CREATE TABLE file_chunks (
id UUID PRIMARY KEY DEFAULT gen_random_uuid(),
chunk_hash VARCHAR(64) NOT NULL UNIQUE, -- SHA-256, content-addressable
size_bytes INT NOT NULL,
storage_key VARCHAR(512) NOT NULL, -- path in blob storage
reference_count INT NOT NULL DEFAULT 1, -- for garbage collection
created_at TIMESTAMP NOT NULL DEFAULT now()
);
CREATE INDEX idx_chunks_hash ON file_chunks(chunk_hash);
Key insight: Thechunk_hashas a unique key is what makes deduplication work. Before uploading any chunk, the client sends its hash to the server. If a row with that hash already exists, the server just incrementsreference_countand skips the upload entirely. For organizations where hundreds of people share the same files, this saves enormous amounts of storage.

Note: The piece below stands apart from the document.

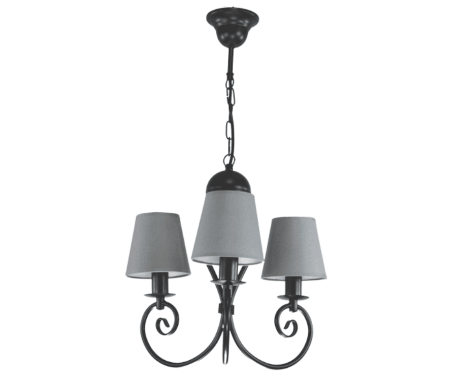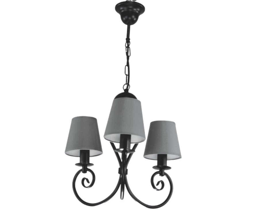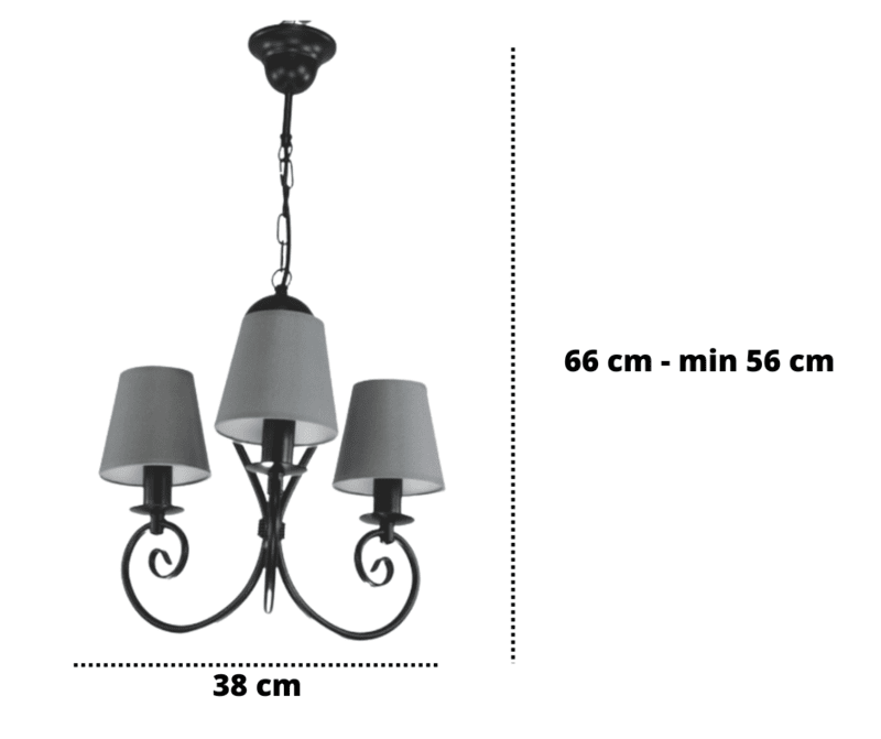 Żyrandol klasyczny z abażurkami Kliwia to lampa wisząca z trzema subtelnie i elegancko wygiętymi ramionami. Konstrukcja żyrandola do pokoju pomalowana jest na kolor czarny matowy. Abażurki stożkowe są wykonane z szarego, eleganckiego materiału, dzięki któremu światło żyrandola nie razi oczu i jest równomiernie rozproszone. Cała oprawa ma 66 cm długości i można ją skrócić o około 10cm, odejmując 3 oczka łańcucha. Czarny Żyrandol klasyczny z serii Kliwia oświetla przede wszystkim małe sypialnie, saloniki i pokoje, w których dominują kolory jasne i odcienie szarości. Do kompletu z czarną lampą z abażurami można dobrać kinkiety klasyczne z abażurami.

CREATE TABLE shared_permissions (
id UUID PRIMARY KEY DEFAULT gen_random_uuid(),
file_id UUID NOT NULL REFERENCES files(id),
user_id UUID NOT NULL REFERENCES users(id),
role VARCHAR(20) NOT NULL CHECK (role IN ('viewer', 'editor', 'owner')),
granted_by UUID NOT NULL REFERENCES users(id),
created_at TIMESTAMP NOT NULL DEFAULT now(),
UNIQUE(file_id, user_id) -- one permission per user per file
);
CREATE INDEX idx_permissions_user ON shared_permissions(user_id);
CREATE INDEX idx_permissions_file ON shared_permissions(file_id);
The UNIQUE(file_id, user_id) constraint prevents duplicate permission records. If someone re-shares a file with a different role, you upsert rather than insert.

API Design
Each endpoint maps directly to a functional requirement from our requirements gathering. The upload flow is intentionally split into two calls because the client uploads chunks directly to blob storage (bypassing our servers), so we need an initialization step and a completion confirmation.
// Initialize a file upload. Returns presigned URLs for each chunk.
POST /files/upload/init
{
"name": "quarterly-report.pdf",
"parent_folder_id": "uuid-of-folder",
"size_bytes": 52428800,
"chunk_hashes": ["a1b2c3...", "d4e5f6...", "g7h8i9..."]
}
-> {
"upload_id": "uuid",
"presigned_urls": {
"a1b2c3...": "https://storage.example.com/upload/...",
"d4e5f6...": null, // null = chunk already exists, skip upload
"g7h8i9...": "https://storage.example.com/upload/..."
}
}
Notice the response: any chunk hash that already exists in our system returns null instead of a URL. The client skips those entirely. This is deduplication happening at the API level.
// Confirm all chunks are uploaded. Commits the file metadata.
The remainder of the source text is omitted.